In information systems design, engineers have many options when it comes to database management systems. Relational database management systems (RDBMS) are very common. And since 2010, document databases, caching databases, and NoSQL databases designed to scale to very large sizes, provide other options for specific use cases. For example, companies, such as Google, use NoSQL databases for their search engine.
While some of the topics in this article may apply to both types of systems, this article primarily focuses on relational database management best practices that make an enterprise database easier to maintain and faster overtime. Managing large enterprise databases, of course, requires more expertise, credentials, and experience than what is provided in this high-level overview.
Security
Malicious hackers or unscrupulous workers could always gain access to an organization’s database and use it in unauthorized ways. And IT departments have many ways of securing access to their database. To prevent hackers from accessing a business’s internal systems and making a copy of their production database, the IT department should try to reduce their attack surface. This means auditing switches for vulnerable systems exposed to the internet, or using DMZs for on-premise websites, to block unauthorized access to internal networks.
For direct database access, create strong passwords stored in a password manager. Most DBMSs today offer the ability to encrypt fields to protect sensitive information, to prevent unauthorized individuals from viewing the contents of those fields. When hosting a database in the cloud, use a key management service to securely store connection strings and configuration information, instead of storing it in a configuration file with the application. And consider using multifactor authentication (MFA) when using an online password manager or cloud provider.
When granting access to a database, follow the principle of least privilege and only assign the permissions the staff needs to perform their work. In other words, if they don’t need the privilege of making schema changes, then don’t assign them that permission.
Documentation
Document the database schema, maintenance schedules, triggers and functions, and other related items. This helps management to distribute information about practices, policies, and procedures that keep the IT staff informed. Document what systems and software depend on that database and who should have access to that database.
Document a disaster recovery plan in the event the database needs to be recovered. That disaster recovery plan should include instructions for what to do if the host goes offline or becomes inaccessible.
Document change management procedures to track changes to the database and schema. This may be useful if a recent change created a bug. Document procedures for testing and deploying changes to the DBMS and schema.
When making changes to the database schema, a common practice among database administrators (DBAs) is to use data definition language (DDL) and data markup language (DML), which is self-documenting.

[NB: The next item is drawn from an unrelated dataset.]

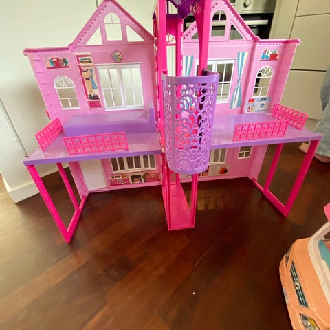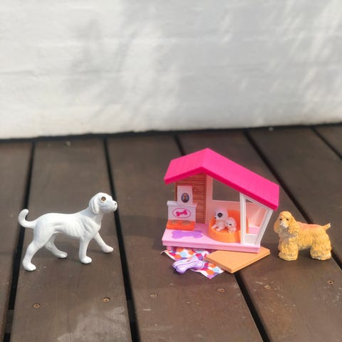 Barbie legetøj bestående af et hundehus i pink og hvid samt to hundefigurer. Legetøjet er velegnet til børn og kan bruges til rolleleg og udvikling af fantasi.

And document any business and regulatory requirements, such as record retention policies and access authorization.
Managing Schema
Follow common naming conventions for databases, tables, columns, and indexes to improve maintainability. Use prefixes or suffixes to add further descriptive details. In my own databases, lookup tables or associative entities have the word “map” in them to distinguish them from other tables.
Know how to normalize database tables so the database is extendable (e.g., using 1st normal form, 2nd normal form, 3rd normal form, and so on…). Anytime column values could have more than one entry, move them to a separate table so the data is more extendable. For example, an email field could be put in a user record. However, if management later requests that users should be allowed to store an indefinite number of email addresses, those email addresses should be moved into a separate table. And a one-to-many relationship would be used to access those multiple email addresses.
Fixing Data
Occasionally a data fix may be required because of a mistake or junk data in the database. Developing a standard process for fixing data reduces the possibility of mistakes. How that is accomplished largely depends on the size and impact of the database. If it’s purely an internal database for an internal business application, running a simple fix may be enough. Of course, test the script before running it on live data to avoid accidentally modifying the production database in unexpected ways. But if it’s a database used by millions of customers, then a more structured process may be required. For example, a validation script may be required to test the fix, in addition to a script that reverses the action in the event the fix produces unexpected side effects.
Testing
Test database changes, whether it is a change to the schema or the data, before applying them to a production database. DDL and DML scripting is particularly useful for this. This also requires a test database, or a backup database that is modified for testing, to accurately represent the production database.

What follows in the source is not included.